For instance, maybe the driver was a bit short, wasnt overly polite but got me from A>B. He would in general get say, 3 stars. Ok, so I wouldnt give much of a tip on that, maybe a buck. But maybe he notices I left my jacket as he pulls away, and stops, hops out and returns it to me. Maybe I would want to give a fiver at that point. It should be something that should be flexible on my time.

That's like the new influx of carry out or fast food restaurants implementing signature pads where they say, "Its going to ask you a few questions [before you can leave]." It's just asking for a tip. Ugh.. I generally give a dollar or so on a decent carry out order, but dont corner me into it.


----------



## Cableguynoe (Feb 14, 2017)

dboogie2288 said:


> That's stupid...I'm going to be forced to sit in the car and tip while the drive stares at me?? That's BS. I'll tip when I damn well please..


No, you're stupid.

Who's forcing you to do anything? No one is. Tip when you want. Dont tip if you dont want. Easy as that.


----------



## PrestonT (Feb 15, 2017)

Dallas Uber said:


> Here is the problem...
> 
> There is a fairly large segment of salty drivers who will auto one star you if you don't tip.
> 
> ...


You're in luck, Uber has your back.

Now, when a driver low rates you, they have to give a reason and then Uber notifies you that you were low rated with the stated reason. If you've done nothing but failed to cash tip the driver and were 1-starred for it, feel free to stiff the driver and 1-star him back. If enough riders do this, the drivers that feel they are owed a cash tip (no matter what) will be weeded out.


----------



## Amsoil Uber Connect (Jan 14, 2015)

I always Laugh at people who say "That's stupid." Shows there complete lack of understanding.


----------



## Whothought (Jan 18, 2017)

Next time you are at a restaurant...

it's the same damn thing come on wake up.



dboogie2288 said:


> That's stupid...I'm going to be forced to sit in the car and tip while the drive stares at me?? That's BS. I'll tip when I damn well please. Uber should make it "retroactive-possible". When I delivered for flex, people had 3 days to update the tip.
> 
> For instance, maybe the driver was a bit short, wasnt overly polite but got me from A>B. He would in general get say, 3 stars. Ok, so I wouldnt give much of a tip on that, maybe a buck. But maybe he notices I left my jacket as he pulls away, and stops, hops out and returns it to me. Maybe I would want to give a fiver at that point. It should be something that should be flexible on my time.
> 
> That's like the new influx of carry out or fast food restaurants implementing signature pads where they say, "Its going to ask you a few questions [before you can leave]." It's just asking for a tip.
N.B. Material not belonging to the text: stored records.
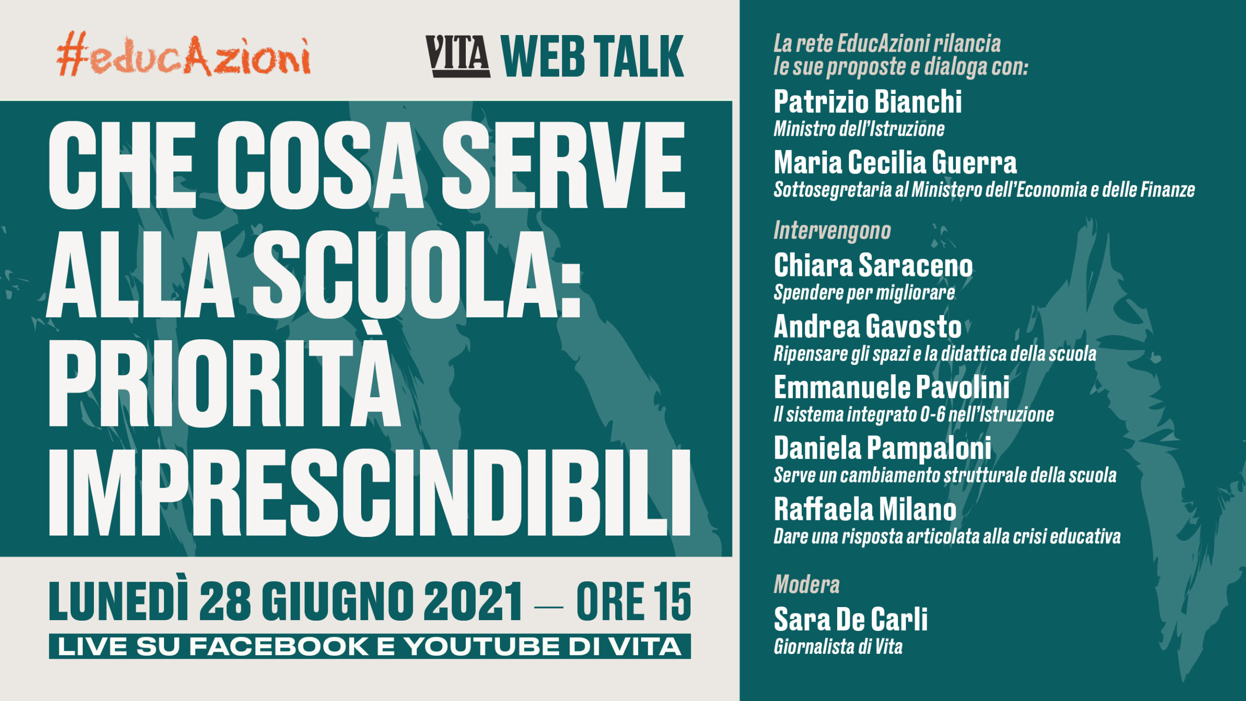 A moderare sarà Sara De Carli del portale Vita Non Profit. La diretta sarà trasmessa sul canale Youtube di Vita e sulla pagina Facebook di EducAzioni.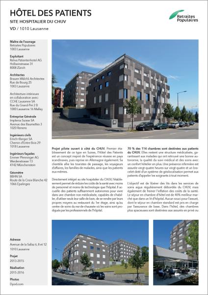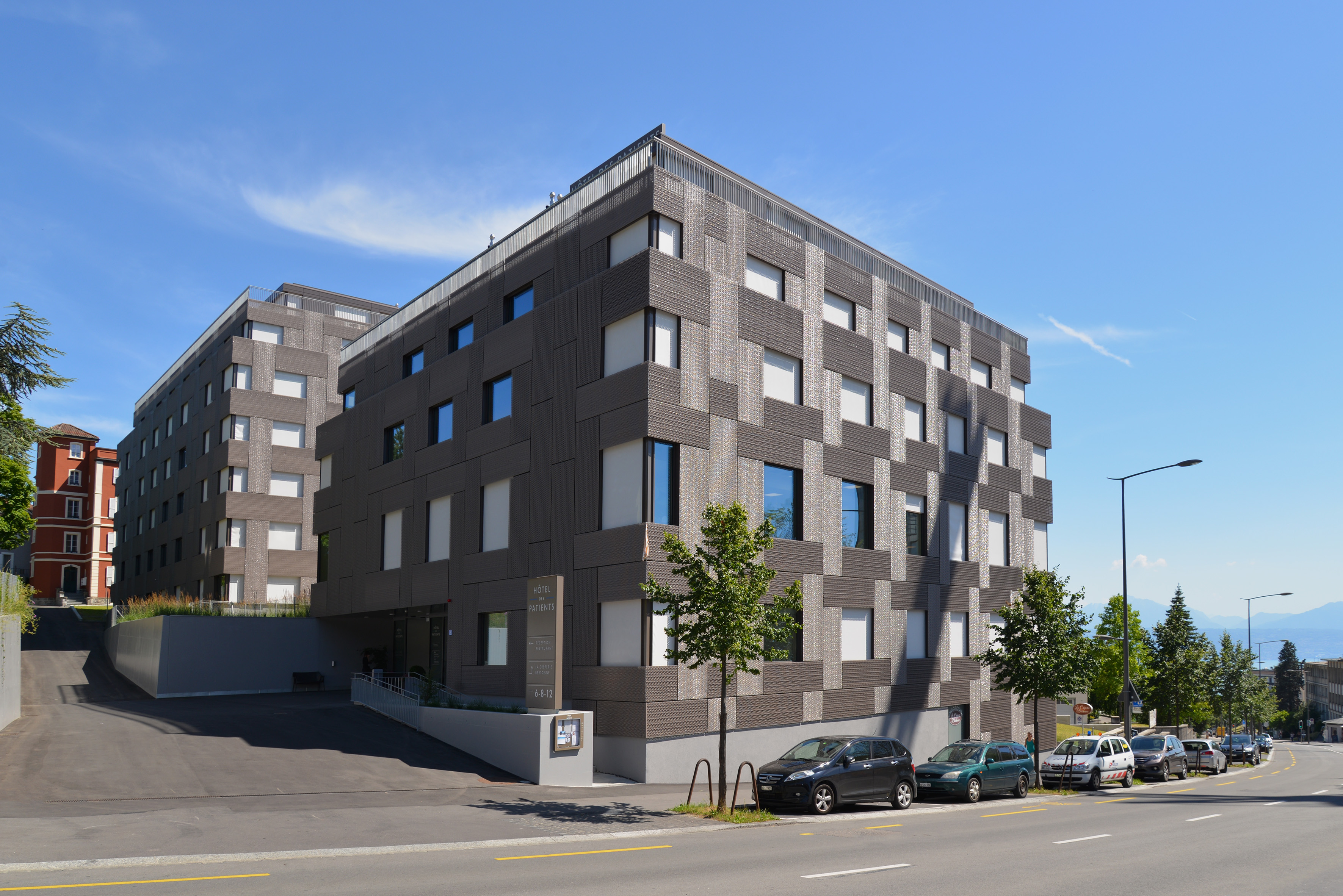 résulte d’une étroite collaboration entre le CHUV, la société Reliva à Zurich qui développe et exploite ce type d’hôtels en Suisse, ainsi que les Retraites Populaires qui ont agi comme investisseurs et maître d’ouvrage à hauteur de 33 millions de francs. Les deux bâtiments de couleur taupe surplombent la ville et l’entrée principale du CHUV. L’Hôtel des patients, inauguré en novembre 2016, se distingue par un revêtement de façades comme une signature à l’identité forte et originale. Composé de tôles pressées thermolaquées, il rappelle une couverture par son aspect textile, variant au gré de la journée et de la lumière.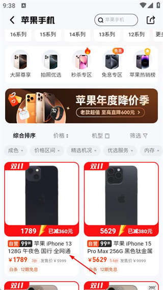 3、在列表頁面,點擊心儀蘋果手機如蘋果iPhone13,進入商品詳情頁面。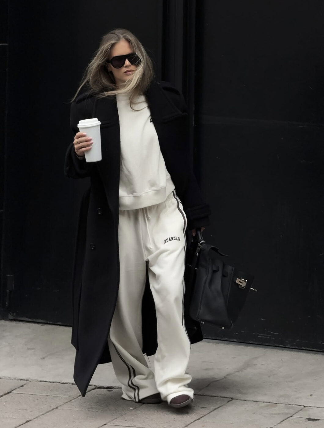 코트의 기장이 길수록 비례하는 것이 있습니다. 바닥에 닿을 듯한 길이만큼 ‘품격’이 배가되는 것인데요. 안에 입은 옷차림은 스웨트셔츠와 스웨트 팬츠 그야말로 집에서 바로 나온 듯한 룩이지만, 코트 하나로 모든 것을 마무리하죠. 이지웨어가 가진 편안함은 그대로 살리고, 한껏 오픈한 가죽 가방, 선글라스를 더해 세련되고 우아하게 마침표를 찍어보세요. 힘을 뺀 오마일룩이지만, 전체를 보면 차분하고 트렌디한 조합일 거예요.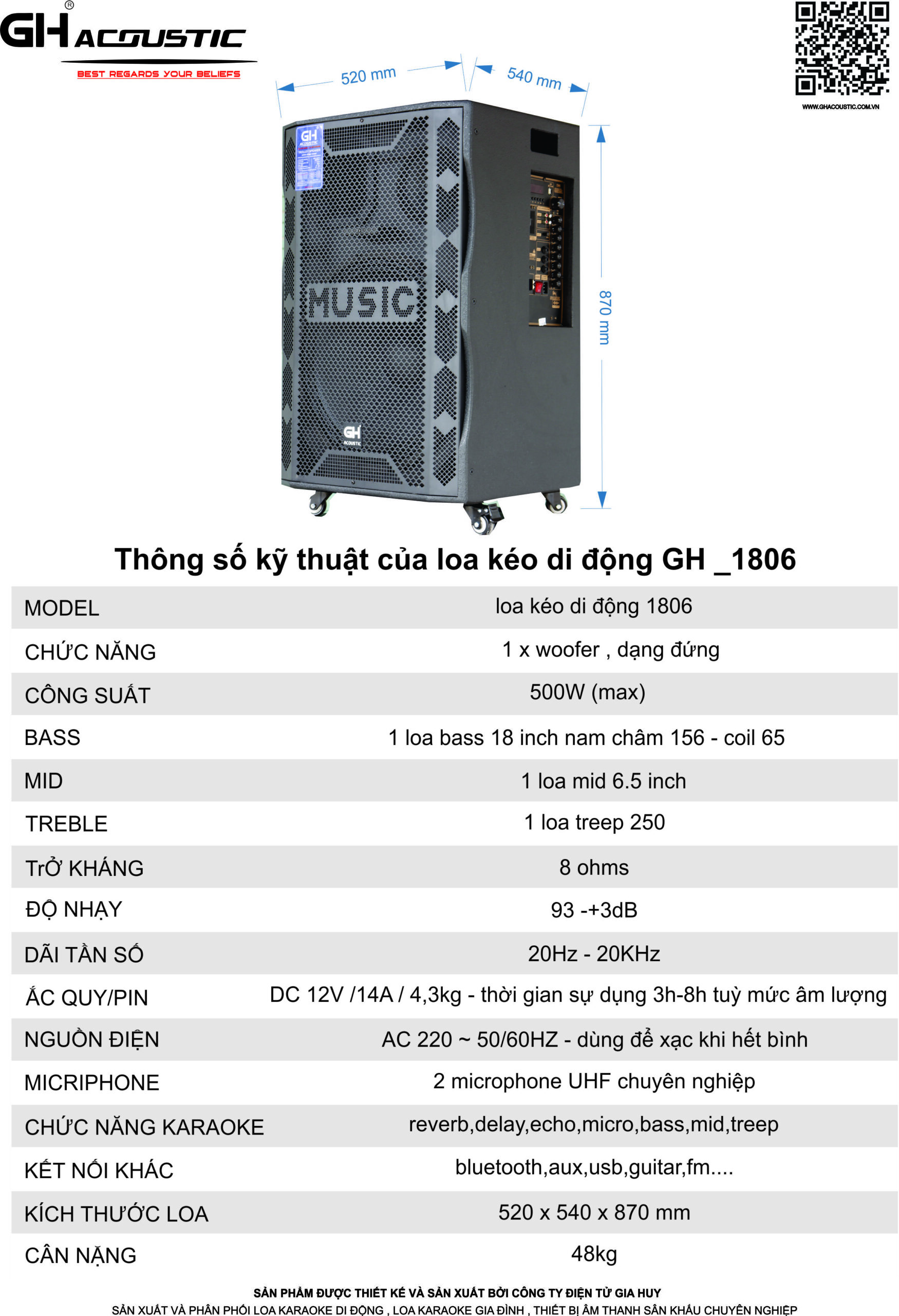 1806 có kích thước khá ấn tượng với chiều dài 54 cm, rộng 52cm và cao 87cm. Với trọng lượng 48 kg, sản phẩm có thể di chuyển một cách dễ dàng nhờ hệ thống bánh xe và tay cầm tiện dụng. Kiểu dáng của loa không chỉ hiện đại mà còn rất chắc chắn. Loa kéo 1806 không chỉ phù hợp cho ngoài trời mà còn có thể sử dụng tại các sự kiện quy mô lớn nhờ vào khả năng khuếch đại âm thanh mạnh mẽ.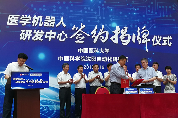 7月19日,中國科學(xué)院沈陽自動化研究所、中國醫(yī)科大學(xué)在沈陽舉行簽約揭牌儀式,雙方合作共建醫(yī)學(xué)機器人研發(fā)中心。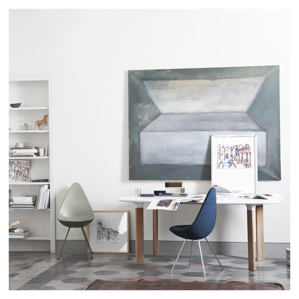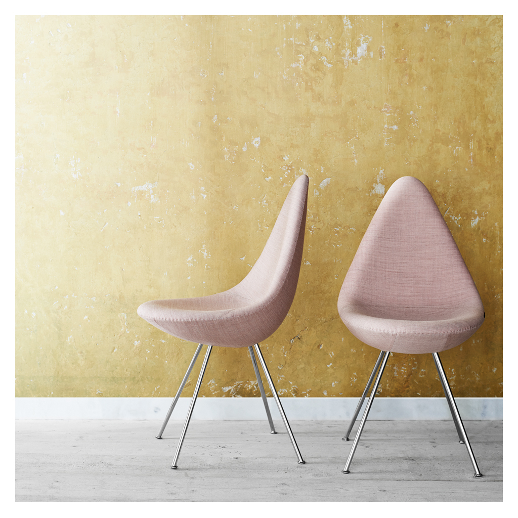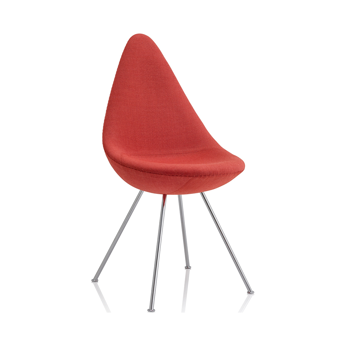 Designed in 1958 by Arne Jacobsen, the statement Drop Chair is crafted to meticulous standards by international design brand Fritz Hansen and is fully upholstered in Kvadrat's Canvas upholstery in a selection of hues. Originally designed for the Royal Hotel in Copenhagen, the Drop Chair epitomises refined design, with an individual silhouette and enduring craftsmanship. In 2014, the Drop Chair was re-launched by Denmark-based Fritz Hansen, producing Arne Jacobsen's personal favourite to exacting standards using the finest raw materials and skilled craftspeople. Fully upholstered in Kvadrat's Canvas fabric, the Drop Chair is awarded with a welcoming and durable surface, woven with a blend of 90% new wool and 10% nylon yarns and contrasted with a chrome-plated base for a distinctly modern finish.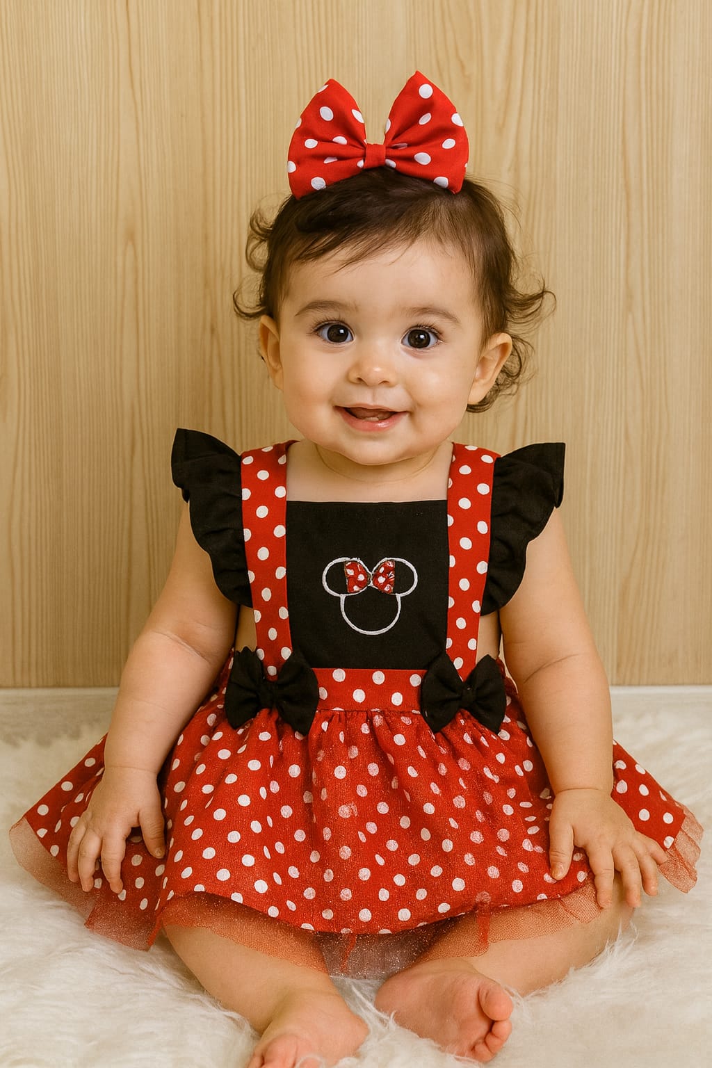 Jardineira Minie Vermelha Tule Vermelho +Laço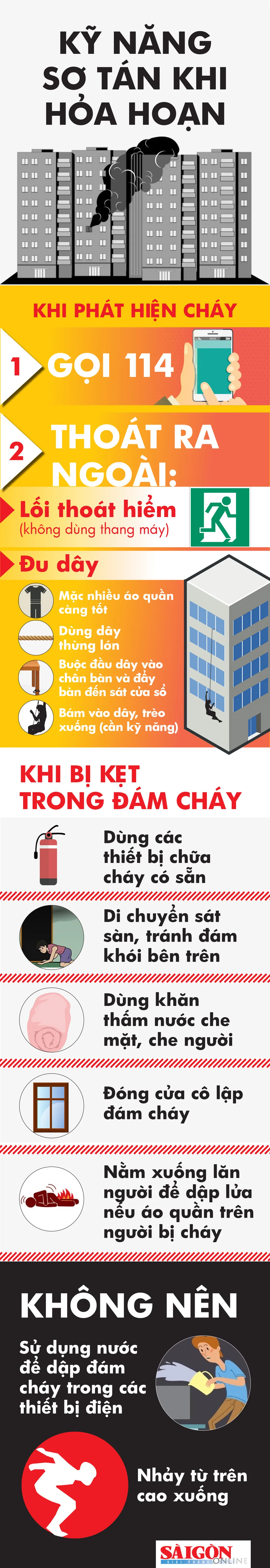 Trong trường hợp xảy ra cháy, hoảng loạn là một trong những nguyên nhân hàng đầu khiến khả năng tử vong cao hơn, bởi sự thiếu tỉnh táo dễ khiến người ta có những hành động không phù hợp trong hoàn cảnh nguy hiểm. Bên dưới đây là các kỹ năng sơ tán khi có hỏa hoạn.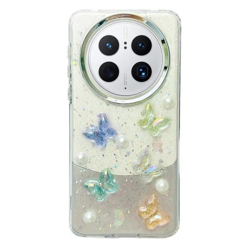Estuche TPU para Huawei Mate 50 Pro con Mariposa de Cristal Colorido Tridimensional (Perla de Mariposa)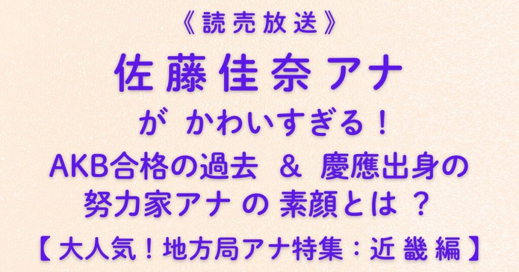《読売テレビ》佐藤佳奈アナがかわいすぎる!AKB合格の過去&慶應出身の努力家アナの素顔とは?【 大人気!地方局アナ特集:近 畿 編 】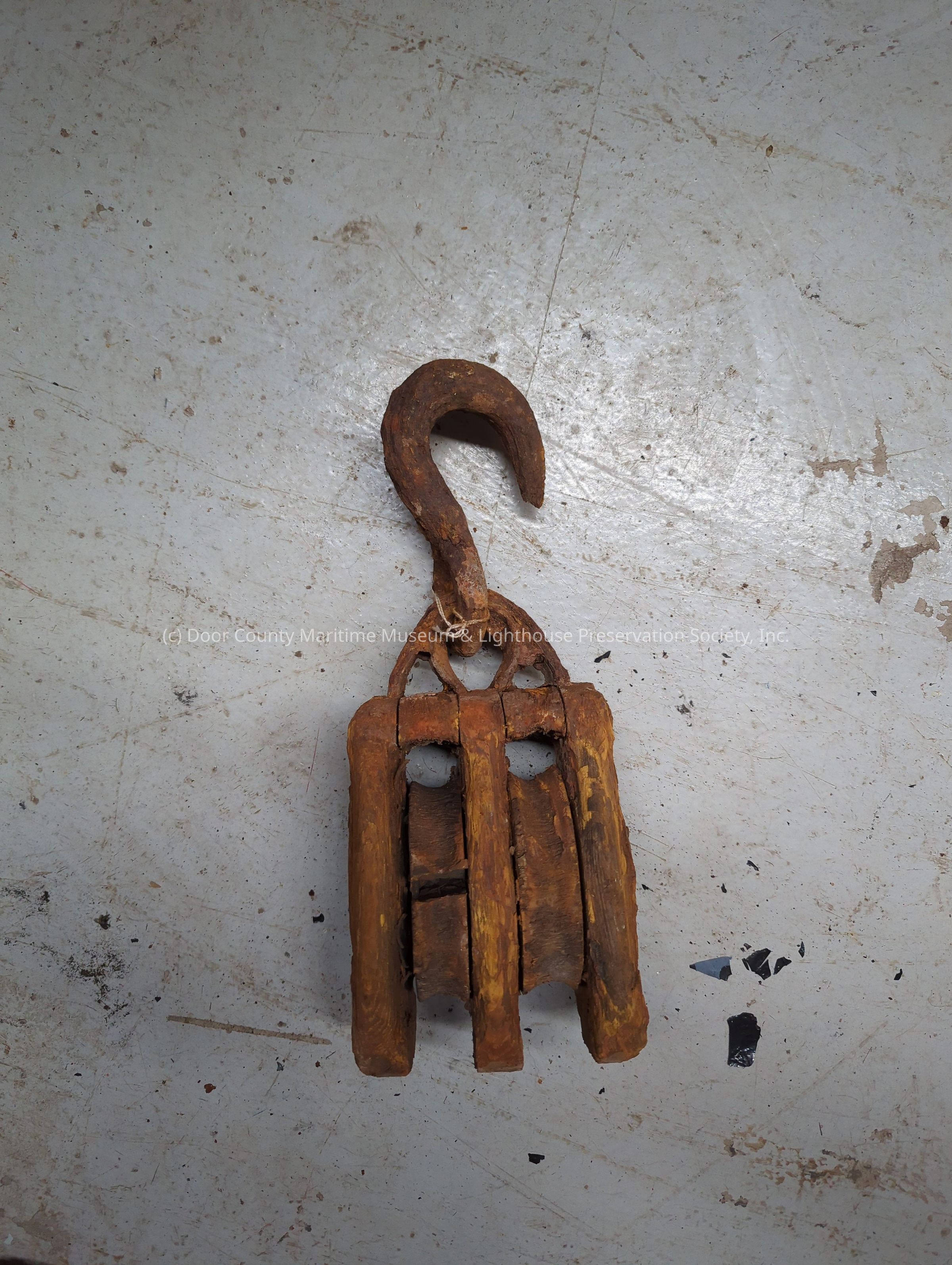 Double wood block sheaves are made of wood. Rusty metal hook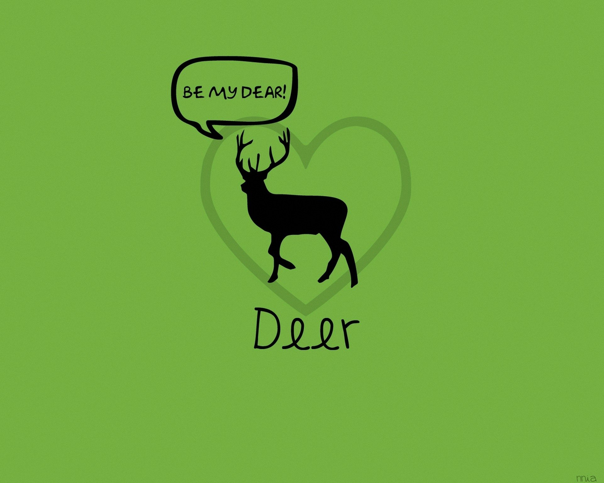 A play on the words deer and love on a green background

Ugh.. I generally give a dollar or so on a decent carry out order, but dont corner me into it.


----------



## dboogie2288 (Nov 19, 2014)

Cableguynoe said:


> No, you're stupid.
> 
> Who's forcing you to do anything? No one is. Tip when you want. Dont tip if you dont want. Easy as that.


No, YOURE STUPID!

haha

But seriously, you said;


> Driver ends ride. You tip while you're still sitting in car.


So how is that anything but awkward? If he doesnt want to tip, or whatever, let it happen. No sense in stressing about it, or making it weird. Again, until uber fesses up that wages are crap and that tipping is expected, people aren't going to bother.


----------



## Trafficat (Dec 19, 2016)

dboogie2288 said:


> That's stupid...I'm going to be forced to sit in the car and tip while the drive stares at me?? That's BS. I'll tip when I damn well please. Uber should make it "retroactive-possible". When I delivered for flex, people had 3 days to update the tip.
> 
> For instance, maybe the driver was a bit short, wasnt overly polite but got me from A>B. He would in general get say, 3 stars. Ok, so I wouldnt give much of a tip on that, maybe a buck. But maybe he notices I left my jacket as he pulls away, and stops, hops out and returns it to me. Maybe I would want to give a fiver at that point. It should be something that should be flexible on my time.


A pax wanting to fire drivers because they aren't tall enough or talkative enough? This is why the rating system sucks. Why bother with a $1 tip and a 3 star rating? IMO if you are going to rate less than 5, don't tip, especially not in-app which won't effect your rating anyway. Tip sends the message that the driver did a good job and should continue to do it like that. Less than 5 stars means fire the driver. On Uber I could absorb a few. On Lyft where my rating stands if I got 3 pax in a row that gave me 3 stars I could be fired, because it would drop me from 4.64 to 4.58 which is below the rating threshold.

You should be fired, but have a dollar! It will help pay the bills when you are unemployed, you dumb dwarf driver.

IMO I do pax a service by being short. That way they have more leg room in the back seat!


----------



## dboogie2288 (Nov 19, 2014)

Trafficat said:


> This is why the rating system sucks. Why bother with a $1 tip and a 3 star rating?


You're not wrong. However, in real life, 3 stars anywhere is means "eh, it wasnt great, but I might be back again." So to most common folk, 3 stars to a uber driver is, "eh, he did his job but didn't go above and beyond." Guess what, I worked for a company - a few actually - where on a 1-5 scale, 3 meant you were doing your job well, but not exceeding any expectations. So, you're right, the rating system sucks because it defies everything we see in the real world.


----------



## Cableguynoe (Feb 14, 2017)

dboogie2288 said:


> No, YOURE STUPID!
> 
> haha
> 
> ...


I'm not suggesting everyone does this. I don't do it. It was a suggestion to OP. Read his post and you'll understand. 
Just a suggestion.


----------